> [What to do] Word-for-word transcription: reproduce all of the data, but not the pictures.

> [Source data]
= = = =

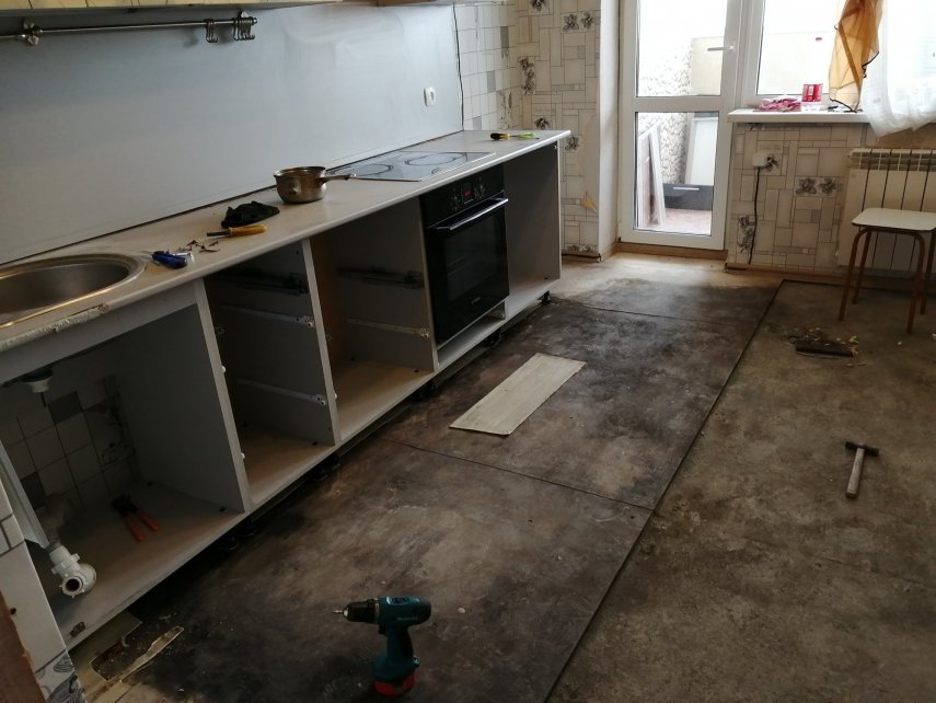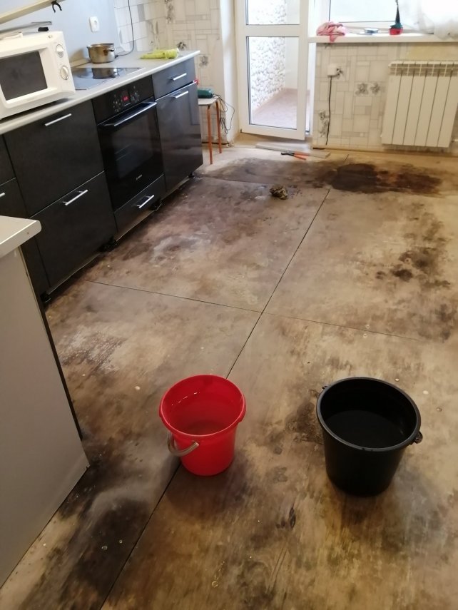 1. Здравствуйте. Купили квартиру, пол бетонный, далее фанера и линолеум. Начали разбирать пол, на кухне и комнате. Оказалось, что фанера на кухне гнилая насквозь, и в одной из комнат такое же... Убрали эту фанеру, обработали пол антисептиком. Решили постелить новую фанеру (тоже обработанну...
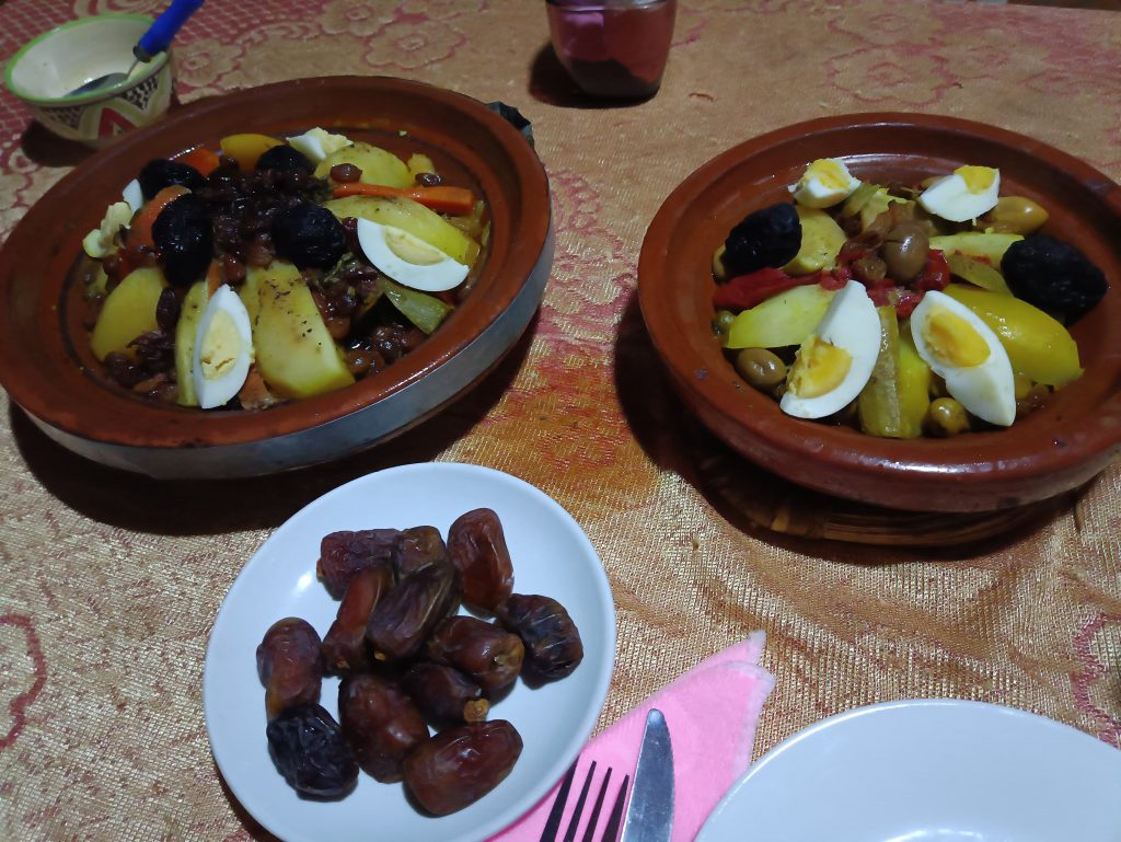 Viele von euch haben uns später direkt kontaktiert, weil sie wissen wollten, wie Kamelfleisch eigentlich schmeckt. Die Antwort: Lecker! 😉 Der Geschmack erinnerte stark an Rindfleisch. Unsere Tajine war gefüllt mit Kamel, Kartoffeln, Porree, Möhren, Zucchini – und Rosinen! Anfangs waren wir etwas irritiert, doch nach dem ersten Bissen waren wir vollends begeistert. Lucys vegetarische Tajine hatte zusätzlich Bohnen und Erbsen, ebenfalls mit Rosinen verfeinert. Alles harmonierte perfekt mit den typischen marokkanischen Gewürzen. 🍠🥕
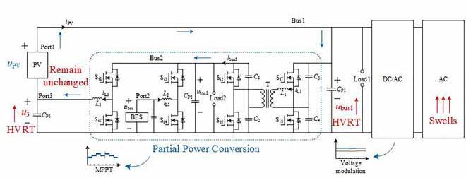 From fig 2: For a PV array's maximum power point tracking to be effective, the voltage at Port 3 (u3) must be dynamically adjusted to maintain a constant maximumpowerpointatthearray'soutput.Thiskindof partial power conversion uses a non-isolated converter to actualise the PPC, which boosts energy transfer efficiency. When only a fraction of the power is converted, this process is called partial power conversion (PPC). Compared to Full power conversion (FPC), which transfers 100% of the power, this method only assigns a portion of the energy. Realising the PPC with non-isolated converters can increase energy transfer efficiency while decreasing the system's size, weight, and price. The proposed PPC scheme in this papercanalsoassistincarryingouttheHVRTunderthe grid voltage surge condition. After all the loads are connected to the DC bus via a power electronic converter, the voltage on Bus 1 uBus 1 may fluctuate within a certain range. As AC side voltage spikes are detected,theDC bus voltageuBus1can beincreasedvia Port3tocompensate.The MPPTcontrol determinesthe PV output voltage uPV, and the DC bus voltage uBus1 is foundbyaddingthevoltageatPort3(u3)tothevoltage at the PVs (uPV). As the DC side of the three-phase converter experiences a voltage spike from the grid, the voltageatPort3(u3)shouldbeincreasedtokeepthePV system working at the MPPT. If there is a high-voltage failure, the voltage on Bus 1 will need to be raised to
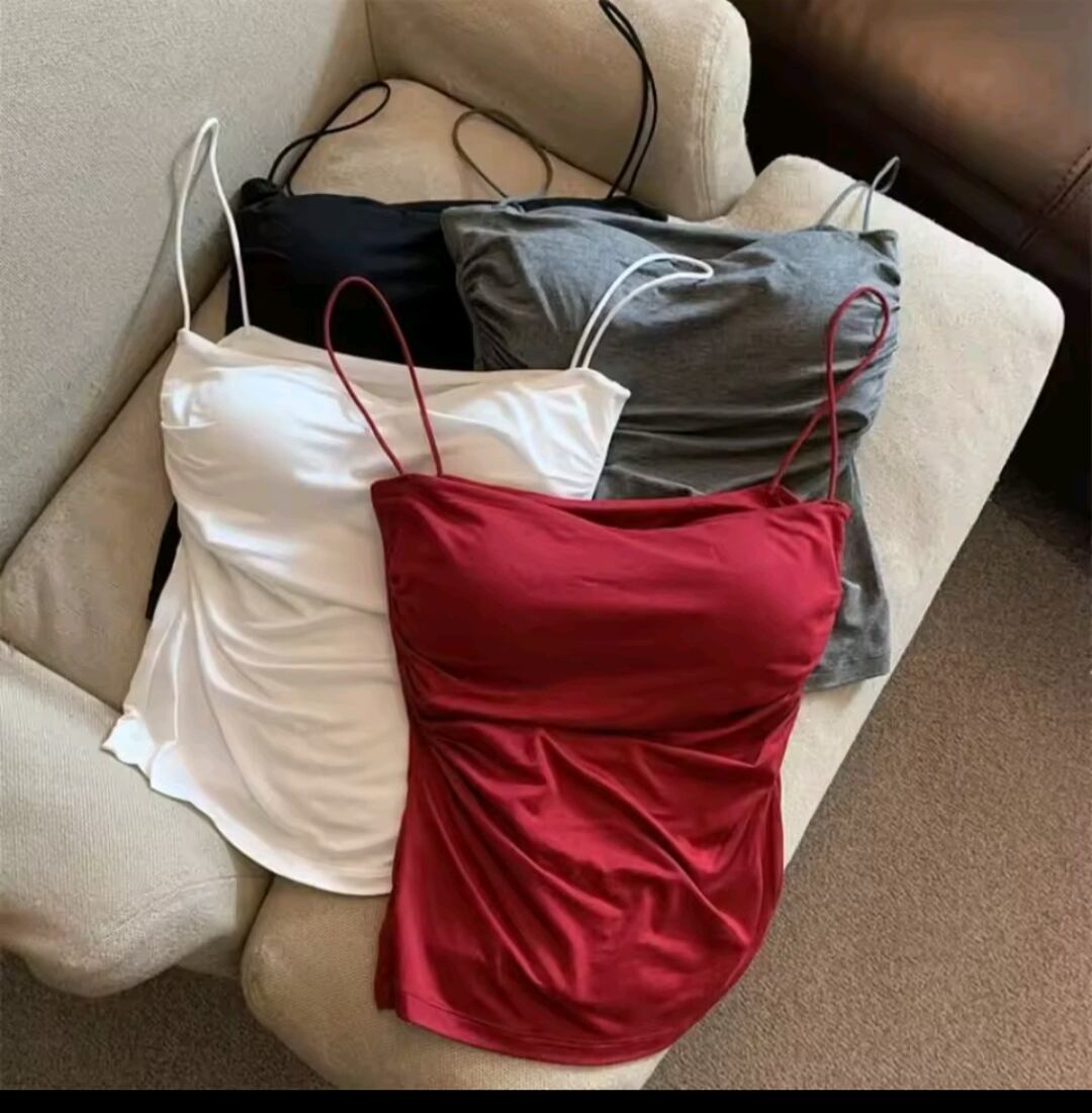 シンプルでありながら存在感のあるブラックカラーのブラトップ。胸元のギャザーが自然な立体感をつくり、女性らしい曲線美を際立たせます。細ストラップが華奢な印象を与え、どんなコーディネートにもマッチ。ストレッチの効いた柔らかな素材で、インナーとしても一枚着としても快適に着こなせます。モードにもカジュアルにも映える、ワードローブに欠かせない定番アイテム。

= = = =

> [Completed exercise]
 1. Здравствуйте. Купили квартиру, пол бетонный, далее фанера и линолеум. Начали разбирать пол, на кухне и комнате. Оказалось, что фанера на кухне гнилая насквозь, и в одной из комнат такое же... Убрали эту фанеру, обработали пол антисептиком. Решили постелить новую фанеру (тоже обработанну...
 Viele von euch haben uns später direkt kontaktiert, weil sie wissen wollten, wie Kamelfleisch eigentlich schmeckt. Die Antwort: Lecker! 😉 Der Geschmack erinnerte stark an Rindfleisch. Unsere Tajine war gefüllt mit Kamel, Kartoffeln, Porree, Möhren, Zucchini – und Rosinen! Anfangs waren wir etwas irritiert, doch nach dem ersten Bissen waren wir vollends begeistert. Lucys vegetarische Tajine hatte zusätzlich Bohnen und Erbsen, ebenfalls mit Rosinen verfeinert. Alles harmonierte perfekt mit den typischen marokkanischen Gewürzen. 🍠🥕
 From fig 2: For a PV array's maximum power point tracking to be effective, the voltage at Port 3 (u3) must be dynamically adjusted to maintain a constant maximumpowerpointatthearray'soutput.Thiskindof partial power conversion uses a non-isolated converter to actualise the PPC, which boosts energy transfer efficiency. When only a fraction of the power is converted, this process is called partial power conversion (PPC). Compared to Full power conversion (FPC), which transfers 100% of the power, this method only assigns a portion of the energy. Realising the PPC with non-isolated converters can increase energy transfer efficiency while decreasing the system's size, weight, and price. The proposed PPC scheme in this papercanalsoassistincarryingouttheHVRTunderthe grid voltage surge condition. After all the loads are connected to the DC bus via a power electronic converter, the voltage on Bus 1 uBus 1 may fluctuate within a certain range. As AC side voltage spikes are detected,theDC bus voltageuBus1can beincreasedvia Port3tocompensate.The MPPTcontrol determinesthe PV output voltage uPV, and the DC bus voltage uBus1 is foundbyaddingthevoltageatPort3(u3)tothevoltage at the PVs (uPV). As the DC side of the three-phase converter experiences a voltage spike from the grid, the voltageatPort3(u3)shouldbeincreasedtokeepthePV system working at the MPPT. If there is a high-voltage failure, the voltage on Bus 1 will need to be raised to
 シンプルでありながら存在感のあるブラックカラーのブラトップ。胸元のギャザーが自然な立体感をつくり、女性らしい曲線美を際立たせます。細ストラップが華奢な印象を与え、どんなコーディネートにもマッチ。ストレッチの効いた柔らかな素材で、インナーとしても一枚着としても快適に着こなせます。モードにもカジュアルにも映える、ワードローブに欠かせない定番アイテム。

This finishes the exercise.